Regulasi yang diundangkan pada 19 Maret 2025 tersebut memberikan masa transisi selama empat tahun bagi pelaku usaha sawit untuk memenuhi kewajiban sertifikasi.
Kementerian Koordinator Bidang Perekonomian menilai masa transisi menjadi periode penting untuk mempercepat kesiapan pekebun, terutama petani rakyat yang tingkat sertifikasinya masih jauh tertinggal dibandingkan perusahaan perkebunan.
Asisten Deputi Bidang Pengembangan Usaha BUMN Bidang Industri Manufaktur, Agro, Farmasi, dan Kesehatan Kemenko Perekonomian, Mochammad Edy Yusuf, mengatakan pemerintah mengasumsikan seluruh pekebun sudah memiliki sertifikat ISPO pada 2029.

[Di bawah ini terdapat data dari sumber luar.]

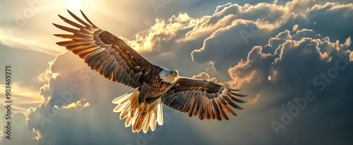 © pasakorn, Obraz premium Eagle in Flight. A magnificent eagle in mid-flight, its wings sp

"Jadi, pada 2029 kami mengasumsikan seluruh pekebun sudah memiliki sertifikasi ISPO," kata Edy dalam Regional Learning Forum on Sustainable Commodities di Jakarta, Minggu (30/8).
Data Badan Standardisasi Nasional (BSN) per Juni 2026 menunjukkan tantangan yang dihadapi pemerintah cukup besar.
Sertifikat ISPO kategori pekebun baru diterbitkan kepada 144 pelaku usaha dengan luas lahan sekitar 355.122,33 hektare.
Sebaliknya, kategori perusahaan telah mencapai 909 pelaku usaha dengan cakupan lahan sekitar 7,17 juta hektare.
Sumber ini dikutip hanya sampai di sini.